• WHAT YOU ARE ASKED TO DO:
Please copy the lines below, exactly as they are, from the one with "12. Нанесите метки" through the one with "Пелёнки муслиновые Buba", and leave out the pictures.

• MATERIAL FOR THE TASK:
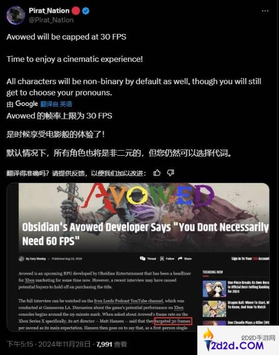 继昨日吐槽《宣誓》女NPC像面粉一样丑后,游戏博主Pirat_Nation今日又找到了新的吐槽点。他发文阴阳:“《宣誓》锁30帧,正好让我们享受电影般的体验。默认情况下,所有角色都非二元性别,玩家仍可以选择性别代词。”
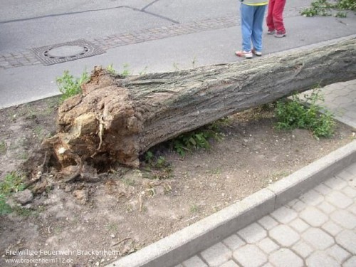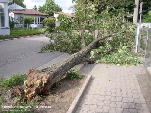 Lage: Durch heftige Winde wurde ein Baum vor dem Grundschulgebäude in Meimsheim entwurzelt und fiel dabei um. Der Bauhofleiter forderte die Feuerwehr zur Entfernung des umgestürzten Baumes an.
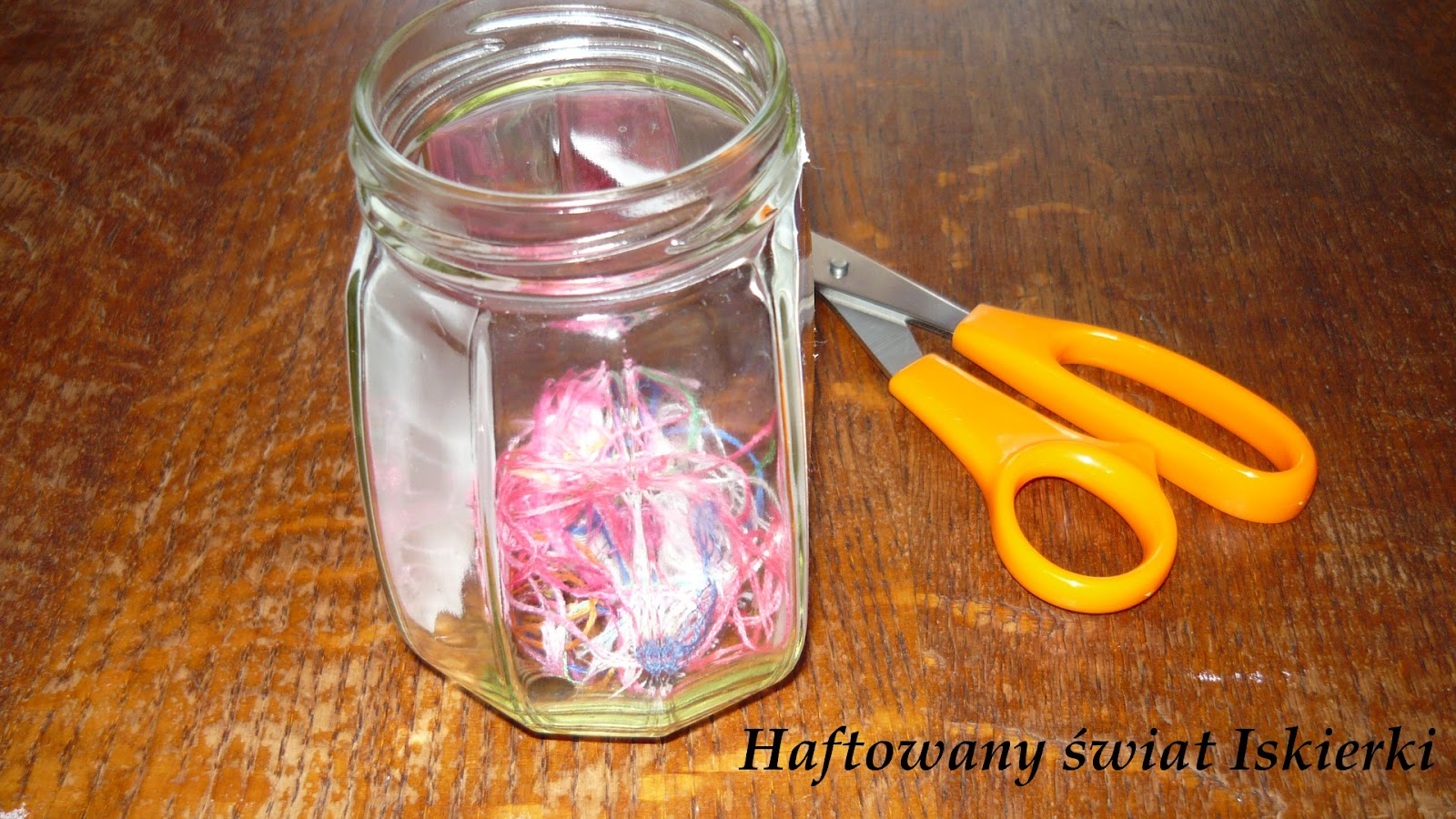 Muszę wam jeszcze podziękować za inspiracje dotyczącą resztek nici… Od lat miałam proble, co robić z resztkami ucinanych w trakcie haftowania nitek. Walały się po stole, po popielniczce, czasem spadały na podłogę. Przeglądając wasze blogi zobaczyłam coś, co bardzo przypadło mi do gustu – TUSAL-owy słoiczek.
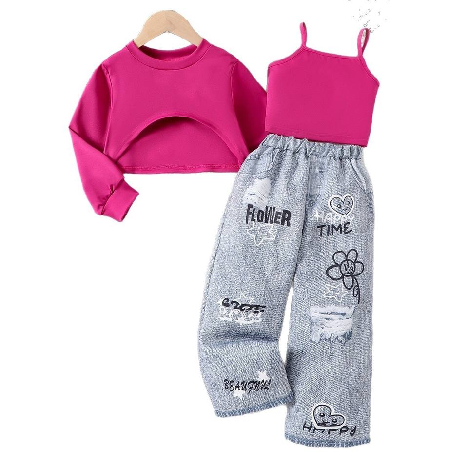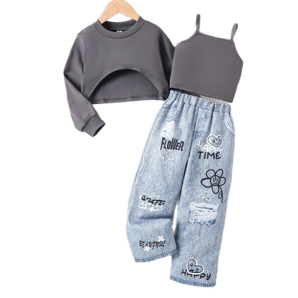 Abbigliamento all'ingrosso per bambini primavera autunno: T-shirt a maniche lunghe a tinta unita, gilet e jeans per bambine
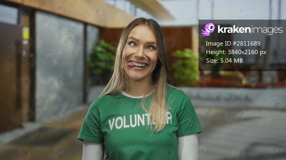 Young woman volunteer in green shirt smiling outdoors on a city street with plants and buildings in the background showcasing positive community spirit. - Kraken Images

* * *

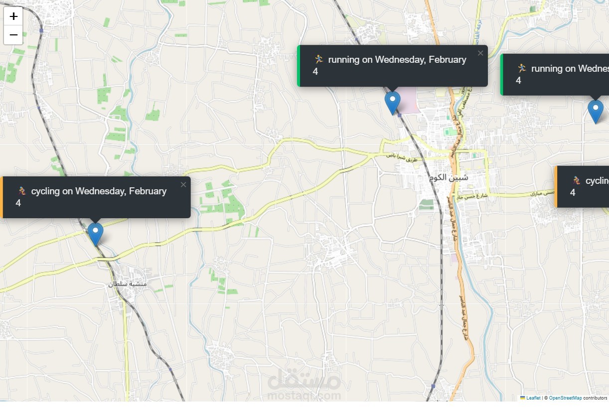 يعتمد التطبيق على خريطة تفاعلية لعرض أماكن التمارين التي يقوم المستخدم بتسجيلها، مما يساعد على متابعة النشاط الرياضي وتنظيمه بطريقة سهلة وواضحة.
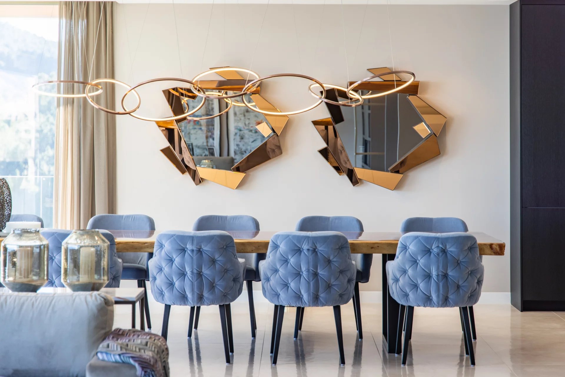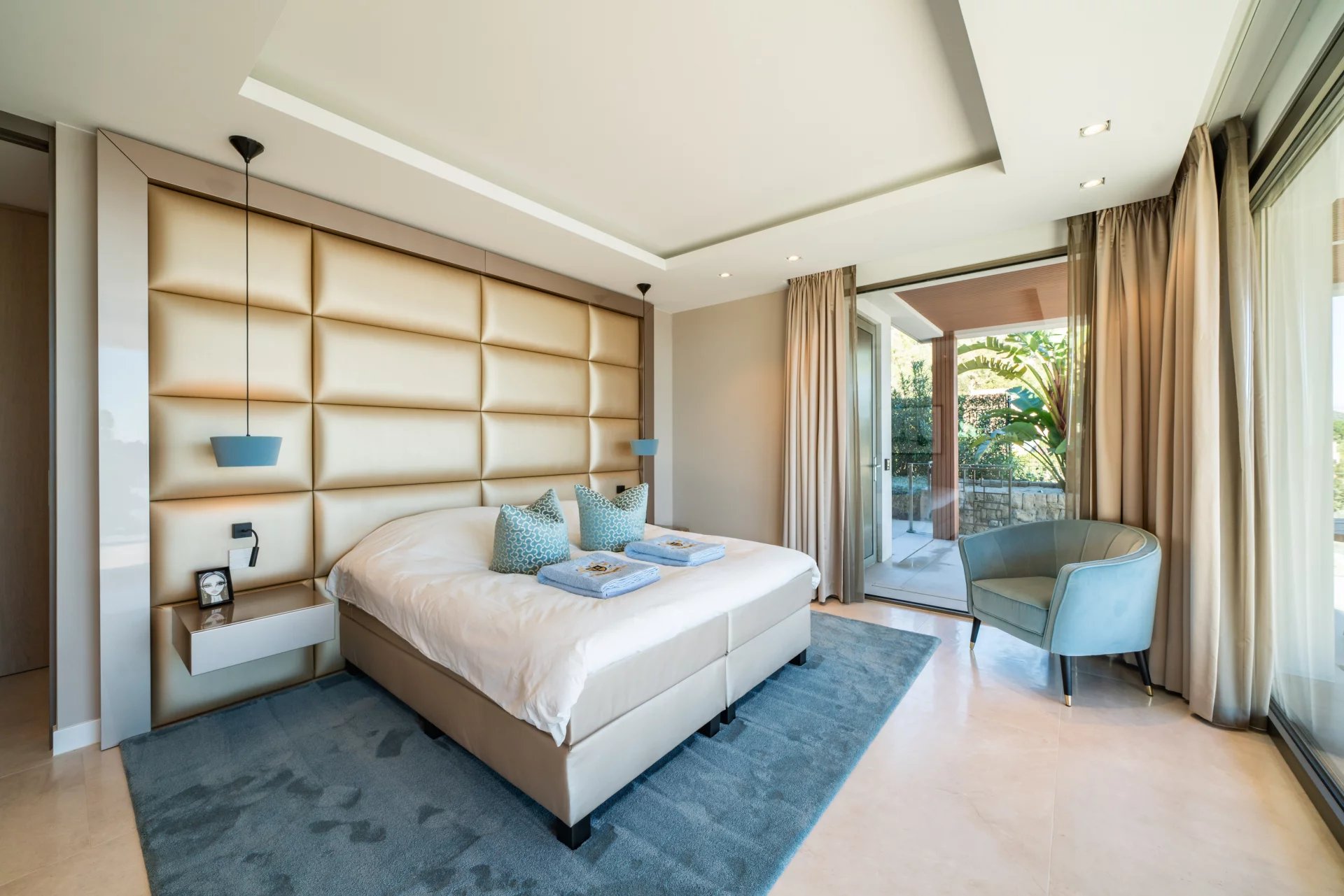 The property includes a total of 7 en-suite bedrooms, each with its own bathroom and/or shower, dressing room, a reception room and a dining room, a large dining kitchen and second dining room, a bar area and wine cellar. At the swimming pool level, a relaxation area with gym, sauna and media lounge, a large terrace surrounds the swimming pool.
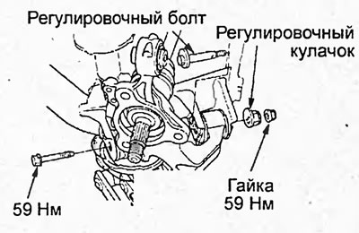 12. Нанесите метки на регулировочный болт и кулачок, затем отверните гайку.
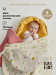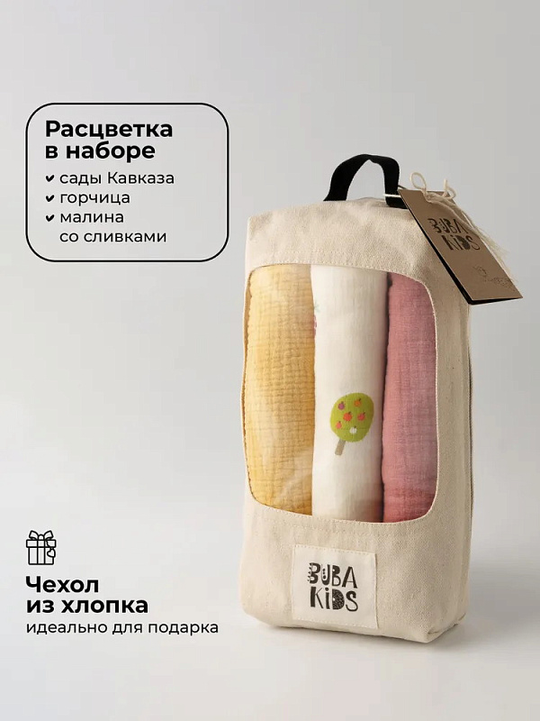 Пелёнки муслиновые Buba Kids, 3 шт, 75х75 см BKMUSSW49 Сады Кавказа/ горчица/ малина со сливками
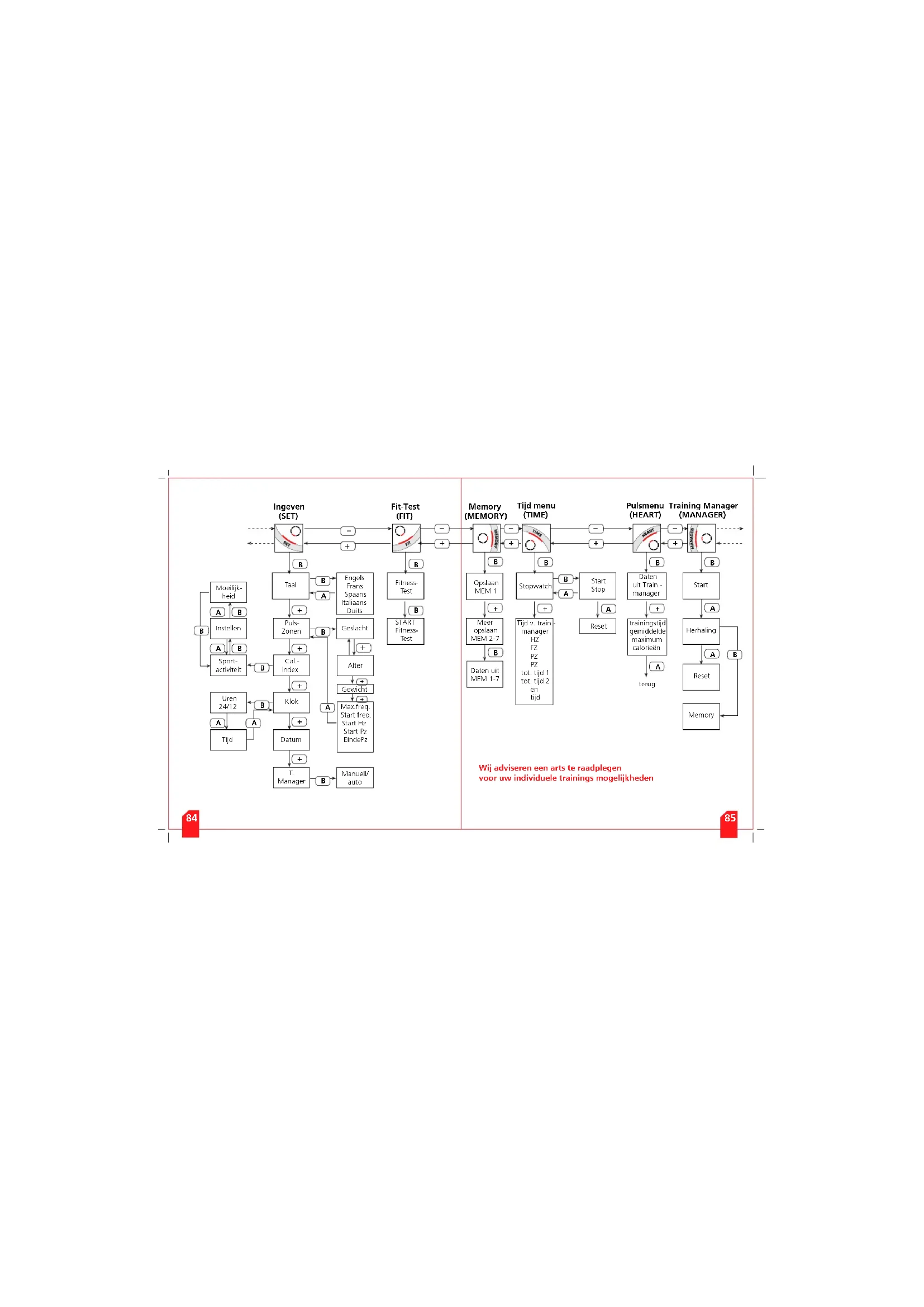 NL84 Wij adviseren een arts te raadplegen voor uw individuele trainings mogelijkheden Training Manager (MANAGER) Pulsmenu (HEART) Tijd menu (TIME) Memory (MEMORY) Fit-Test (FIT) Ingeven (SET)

• WRITTEN SOLUTION:
 12. Нанесите метки на регулировочный болт и кулачок, затем отверните гайку.
 Пелёнки муслиновые Buba Kids, 3 шт, 75х75 см BKMUSSW49 Сады Кавказа/ горчица/ малина со сливками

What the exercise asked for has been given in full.